ELMHURST, Ill. (CBS) -- A man allegedly shot his stepdaughter in the face in the parking lot of Elmhurst Memorial Hospital Wednesday night, and then shot and killed himself in his car while she was in treatment at the hospital, officials alleged.

As CBS 2's Charlie De Mar reported, police called what happened an isolated domestic incident, but the hospital was placed on lockdown for a time.

Police said, around 7 p.m., officers responded to reports of a gunman in the hospital's west parking lot, after 44-year-old Imelda Shek came into the emergency room with a gunshot wound.

Within minutes, officers found her stepfather, 73-year-old Robert Shek, with a gunshot wound in a car in the parking lot. Paramedics brought him into the emergency room, where he died a short time later, police said.

Imelda Shek later was transferred to Loyola University Medical Center in Mawyood, where she was being treated for her wounds.

Elmhurst Hospital Shooting

Authorities say a man shot his stepdaughter and then himself outside Elmhurst Hospital Wednesday night. Authorities have an update right now. More: http://2pvMf2C

Posted by CBS Chicago on Wednesday, October 2, 2019

Cellphone video that CBS 2 received shows police approaching a car in the parking lot near the emergency room entrance – inside which the man shot and killed himself.

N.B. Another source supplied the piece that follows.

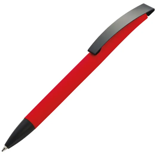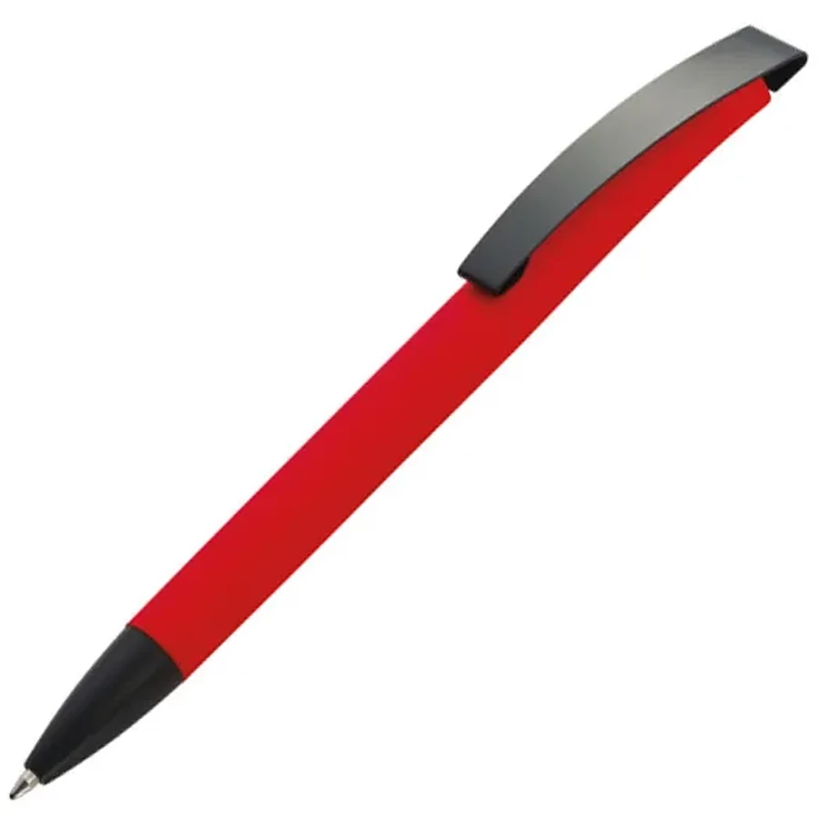 Kéken író műanyag golyóstoll, gumírozott tolttesttel, fekete fém klipsszel mely ideális gravírozásra.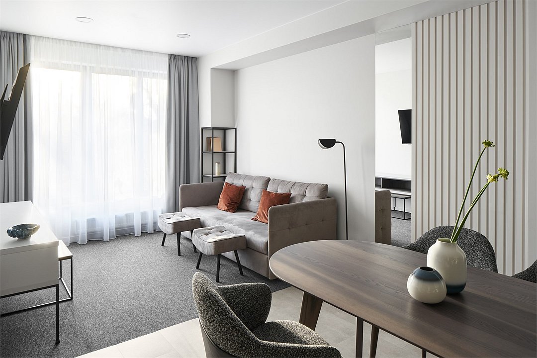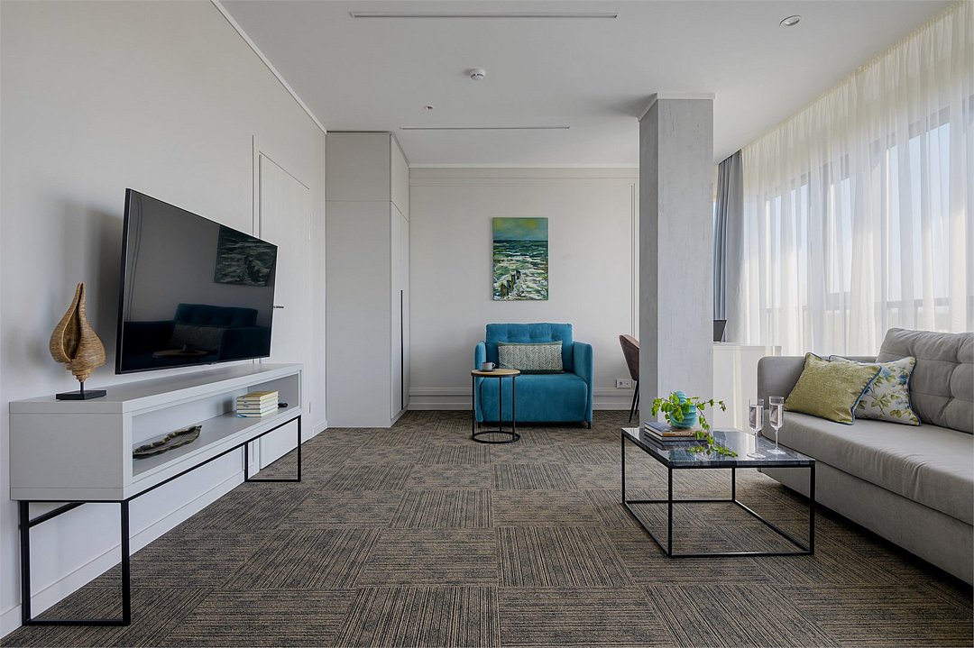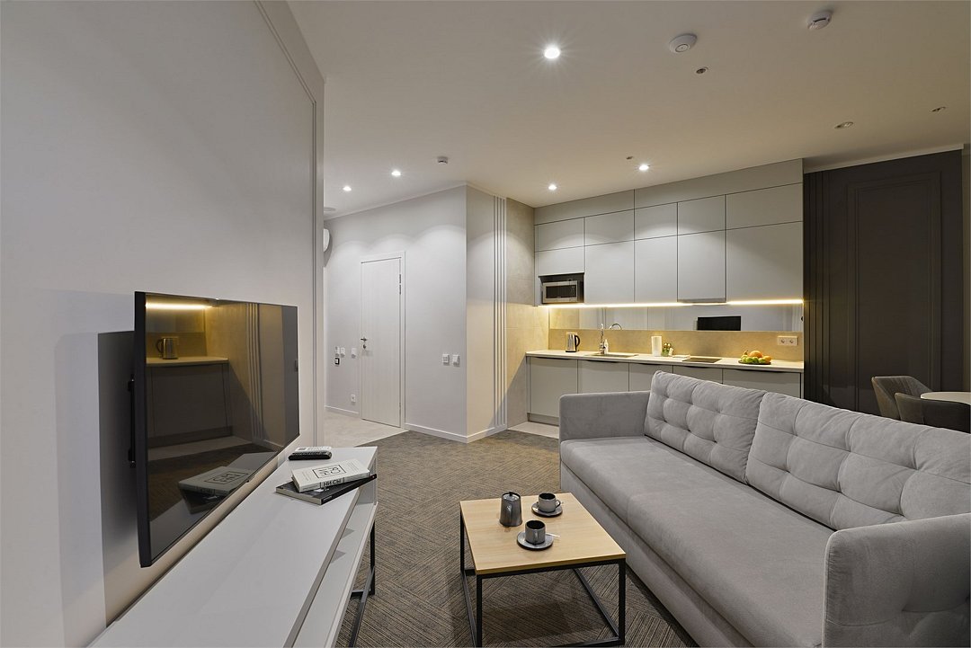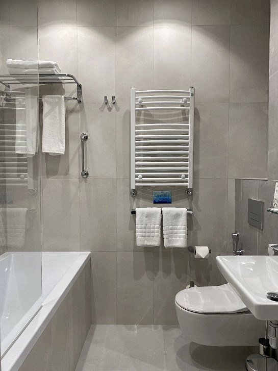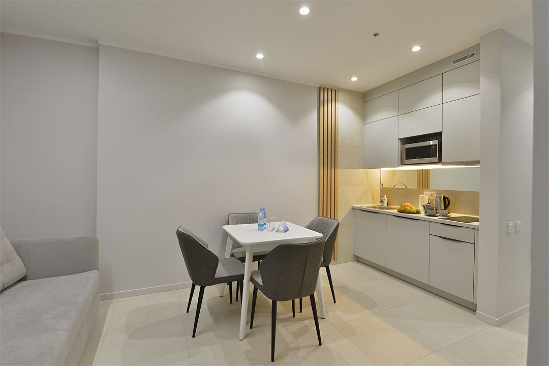 Самый просторный, четырехкомнатный номер отеля — 97 м², рассчитан на проживание до 9 гостей. В номере несколько спален с кроватями King size и Queen size, гостиная с дополнительными местами (диваны и кресла-кровати), 2 санузла, рабочие столы, мини-кухня и обеденная зона. Здесь пространство продумано для большой компании: от отдельных спален до общей зоны, где каждый находит свой уголок для отдыха или общения.Услуги и удобства

In the chaos of it all, the hospital responded as if there were an active shooter as a precaution, until hospital staff and police determined it was an isolated incident.

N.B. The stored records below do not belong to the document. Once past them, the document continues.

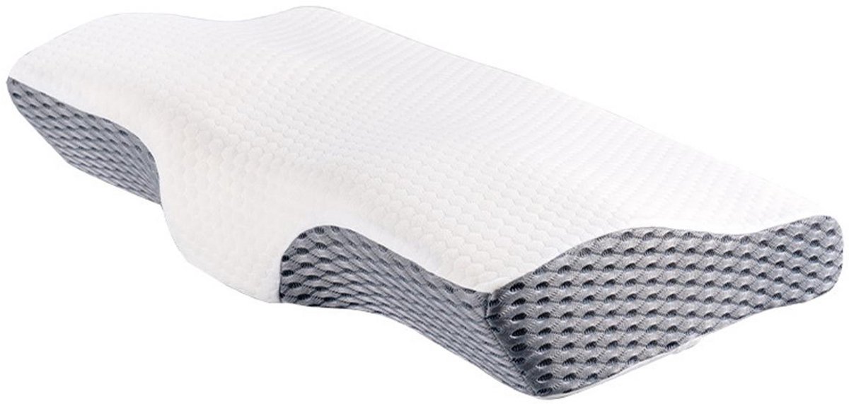 Eenmalige hersteltijd: Het ergonomisch nekhoofdkussen geheugen schuim heeft 4 tot 48 uur nodig om volledig terug te keren naar zijn originele vorm na gebruik, zodat de ondersteunende eigenschappen optimaal blijven werken over lange termijn. Deze unieke eigenschap zorgt voor duurzaam comfort en behoudt de vormintegriteit, zelfs bij dagelijks gebruik. Unieke ergonomische vorm: Het hoofdkussen is ontworpen met een afgestemde contourvorm inclusief centrale groef die het contactoppervlak vergroot en gerichte ondersteuning biedt aan de cervicale wervelkolom. Deze functie draagt bij aan een natuurlijke lichaamshouding tijdens slaap, vermindert spanning in de nekspieren en bevordert ontspanning van het bovenlichaam. Persoonlijke pasvorm en ademend comfort: Gemaakt van slow-rebound ventielgel geheugenschuim bekleed met ademende ijszijde stof, voelt dit nekhoofdkussen fris aan op de huid en voorkomt oververhitting. De combinatie van materialen zorgt voor een koel, comfortabel slaapgevoel, ook bij warm weer of nachtelijk zweten. Gezondheid eerst: Dankzij het vlinder-vleugelontwerp wordt gewicht gelijkmatig verdeeld over hoofd en nek, wat drukpunten vermindert en fysiologische ondersteuning biedt. Dit orthopedische ontwerp helpt effectief bij het verlichten van pijnklachten in de nek en schouders, en kan bijdragen aan verminderd snurken door verbeterde luchtwegpositie. Ideeal als nachtcombinatie: Dit memory foam hoofdkussen past zich aan elke slaaphouding aan – rug, zij of buik – en biedt consistente steun waar je het nodig hebt. Als gepersonaliseerde slaapoplossing is het een uitstekende keuze voor wie zoekt naar een anti-allergisch, huisstofmijtbestendig en hygiënisch onderhoudbaar slaapproduct voor dagelijkse verzorging. Productparameters: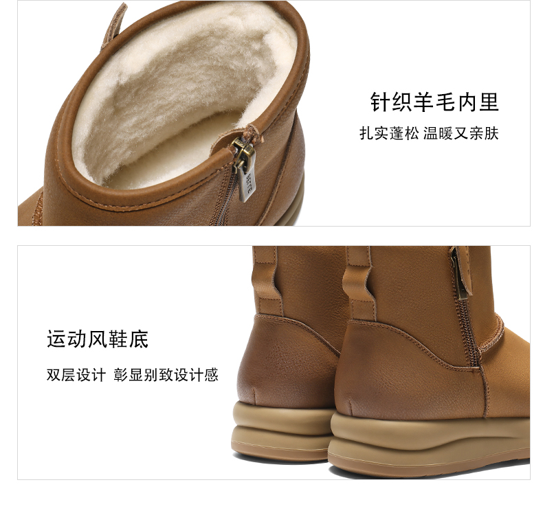 | 鞋底材质:橡胶底 | 靴筒内里材质:针织羊毛 | 内增高:无 | 鞋面材质:复合材料 | 闭合方式:侧拉链 |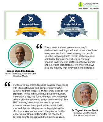 BENGALURU, India and SEATTLE and LONDON, Aug. 27, 2024 /PRNewswire/ — Happiest Minds Technologies Limited (NSE: HAPPSTMNDS), a ‘Born Digital . Born Agile’, Mindful IT Company, today announced that it has been honored with two prestigious accolades at the 17th Brandon Hall Group HCM Excellence Awards 2024. Happiest Minds won a Gold in Talent Acquisition for the ‘Best New Hire Onboarding Program’ – Data Engineering on Microsoft Azure and a Silver in Future of Work for the ‘Best Program for Upskilling Employees’ – Software Development Engineer in Test (SDET). These awards reinforce Happiest Minds’ position as a leader in the IT industry, particularly highlighted by its partnership with StackRoute โ an NIIT venture renowned for its excellence in tech education.
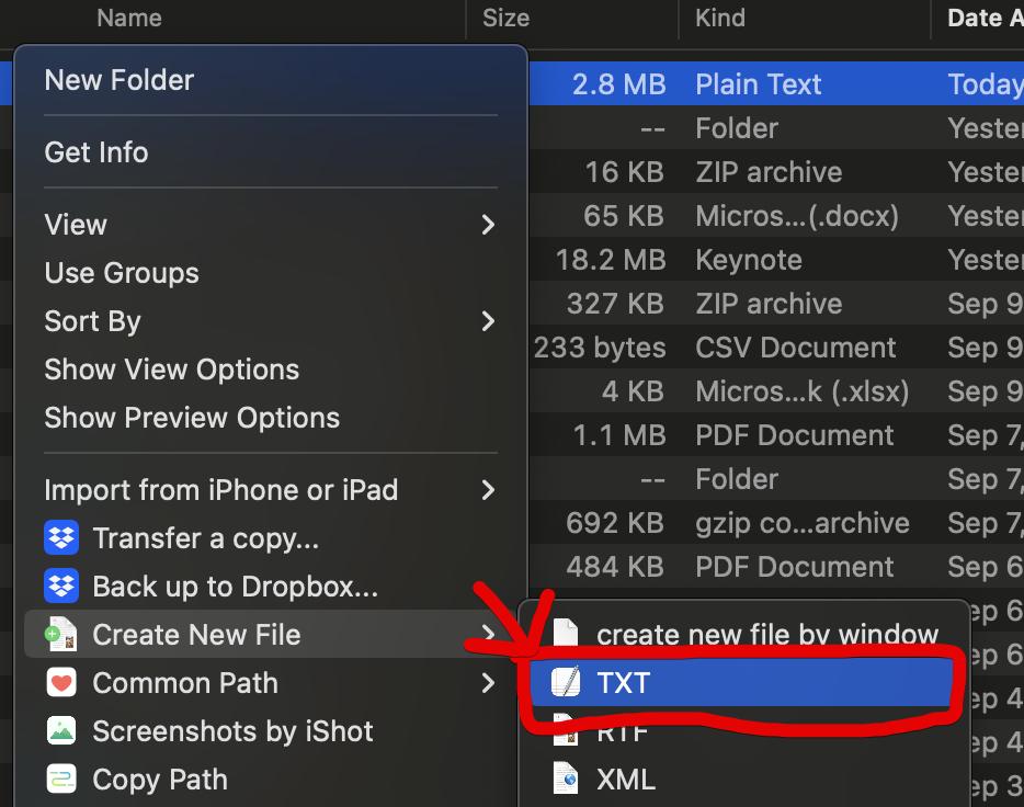 - 콘텍스트 메뉴에서 'Create New File' > 'TXT'을 선택합니다.

De Mar spoke with a witness and patient who were inside the hospital and were unsure of what was going on.

"We heard a gunshot. There was only like security from the hospital at that time out there. The next thing you know, like 30 seconds later, Elmhurst PD came, guns drawn, asking the suspect: 'Please drop the gun! Drop the gun! Drop the gun!'" said witness Tony DiCarlo. "And he was already, you know, self-inflicted wound."

"It kind of got chaotic. We don't know where to go or what to do at the time, and then the alarm went off again for it, and we were brought back to a room – like a bunch of families into one room in like the surgery area, and we were told to close the door, and if the active shooter had come, to put the bed up against the door," said witness Erica Kuschel.

Police said they did not know the motive or what led to the shooting. The shooting remained under investigation Thursday morning.